There's nothing that I do that is spectacular or better than everyone else's, but I am always looking at new ways to make a nickle and possibly learn something new.

As for what folks should expect out of me.....
Anyone that knows me knows better than to expect any certain thing. I'm guessing they just sit back and watch the show.

Reactions: Great Post 4 | Sincere 2


----------



## Lou Currier (Apr 28, 2019)



Reactions: Like 1 | Thank You! 1 | Funny 3


----------



## woodtickgreg (Apr 29, 2019)

I guess the only reason non wood working people might be interested in my work is when they find out that almost all of my projects are from wood that I have milled from trees, the fact that most of my projects I take from tree or log to finished project.
What can they expect in the future?

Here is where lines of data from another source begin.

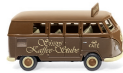
0788 08 VW T1 (type 2) bus
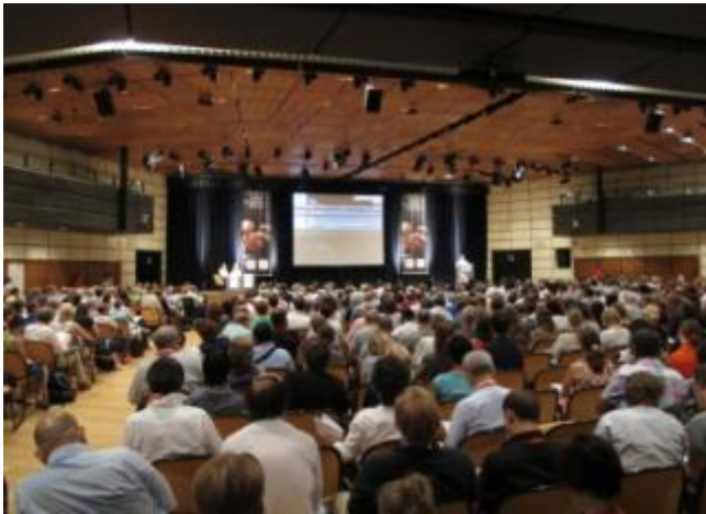
The plenary hall
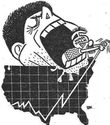
Stocks went up after Kennedy's speech.

the working stiff. And he made clear that this $2 billion rise in taxes was not to endanger the $1.2 billion cut in taxes for Big Business.
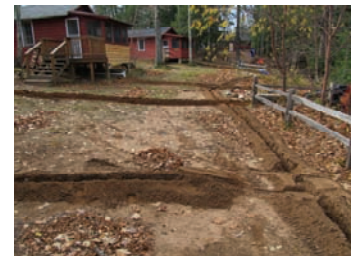
New Water Lines

Chicago Metro has been investing funds back into the association centers and camps. These funds have been used to improve the condition of the facilities and grounds. By the summer of 2012 Camp Nawakwa will have completed the following improvements. (Five cabin remodeled, new main water lines, several new roofs, new kitchen tables, new furniture in many cabins, new windows in many cabins, new mattresses in every cabin, new piers throughout camp)
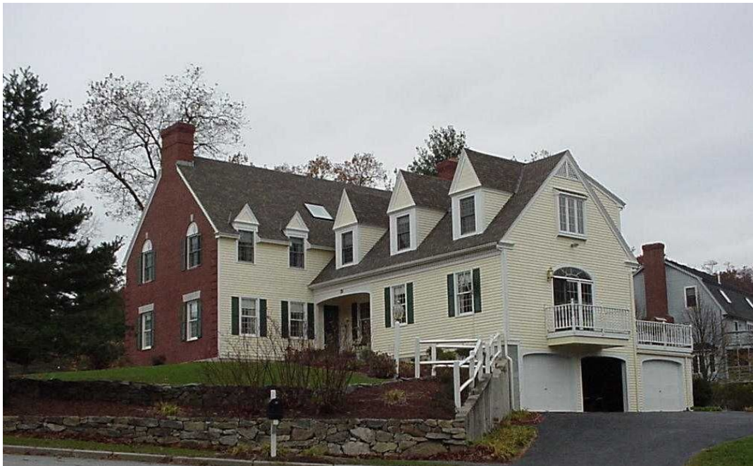
40 Country Rd Sale Price = 875,000
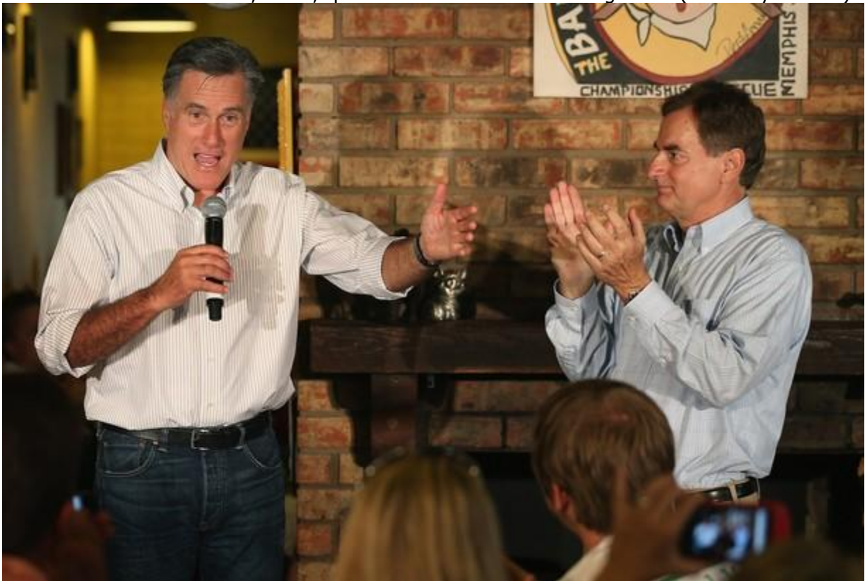
Richard Mourdock's mentor, Satan, speaks at a Mourdock fundraising cabal.
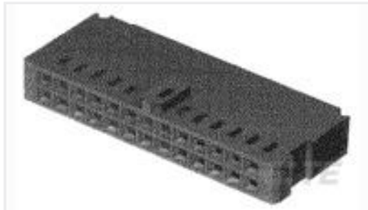
TE Part #102387-5 24 MODIV HSG COMP DR .100 POL
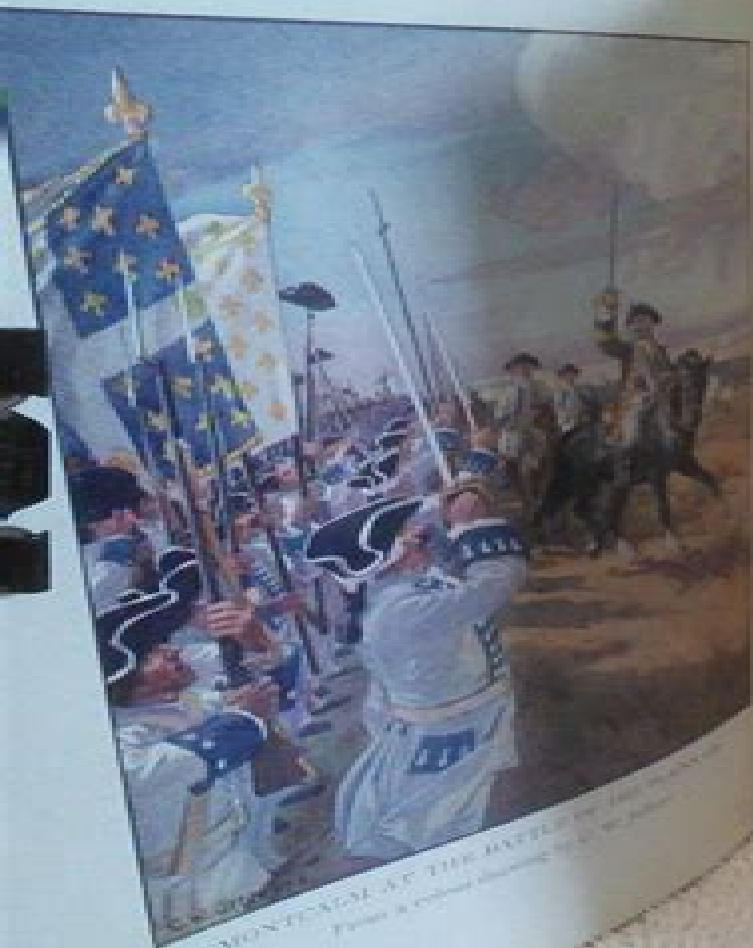
MONTCALM AT THE BATTLE OF THE CLOUDS Painted by Colonel de la Roche, 1759
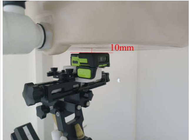
Front + Replacement protective shell + Two-finger mount, Test Separation 10 mm
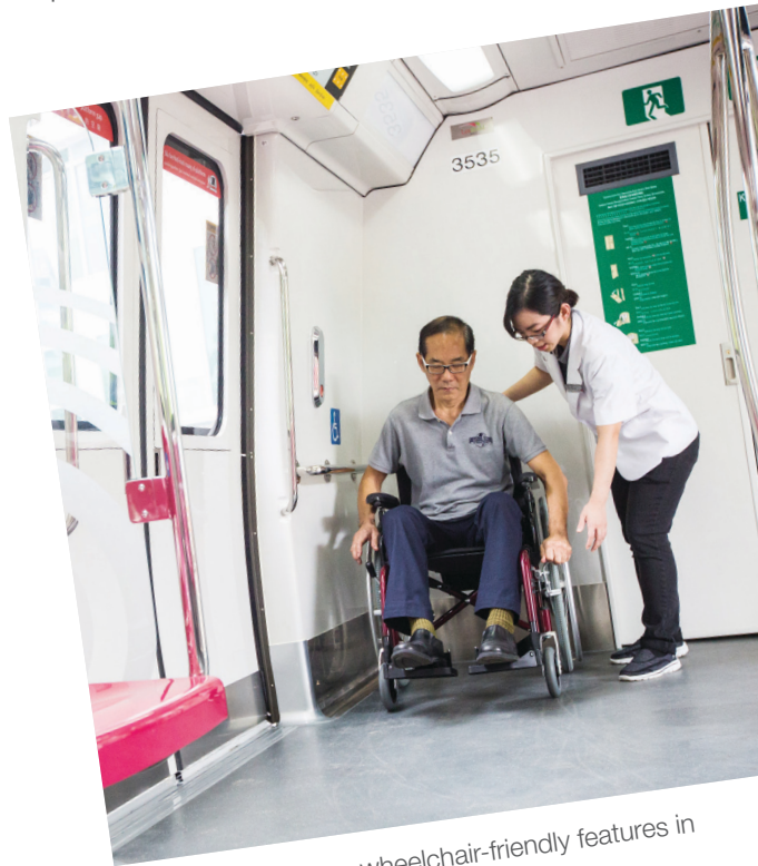
Patients learn to use wheelchair-friendly features in public transport such as the MRT train

I have no idea, lol. Maybe like others have said, free gifts because I like or admire them and think they are special too.

Reactions: Like 3


----------



## T. Ben (Apr 29, 2019)

Because I’m just getting started and giving away a lot of stuff to those close to me,and they can expect things to get bigger and better.

Reactions: Like 3


----------



## kweinert (Apr 29, 2019)

They should be interested in my work so I can sell it to them :)

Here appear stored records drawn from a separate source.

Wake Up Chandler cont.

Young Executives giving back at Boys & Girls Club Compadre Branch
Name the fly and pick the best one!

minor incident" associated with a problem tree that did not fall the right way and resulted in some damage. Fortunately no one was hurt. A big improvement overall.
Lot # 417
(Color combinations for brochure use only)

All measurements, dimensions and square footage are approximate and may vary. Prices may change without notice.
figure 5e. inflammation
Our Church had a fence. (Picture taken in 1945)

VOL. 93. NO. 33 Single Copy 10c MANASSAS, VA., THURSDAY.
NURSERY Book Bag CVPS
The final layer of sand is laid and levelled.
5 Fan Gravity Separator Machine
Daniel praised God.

Seriously, I just like it that people appreciate what I do. It gives me some satisfaction that what I do is not only satisfying to me, but that folks that aren't related also recognize that what I can create is nice to look at/use.

In the future I hope that they can expect better things - more original, more creative, that sort of thing.

Reactions: Like 3


----------



## Karl_TN (Apr 29, 2019)

I'm still new enough at woodturning that I give away more than I sell. Friends and relatives can expect more of the same until they get tired of collecting my stuff.

Reactions: Like 2 | Funny 1


----------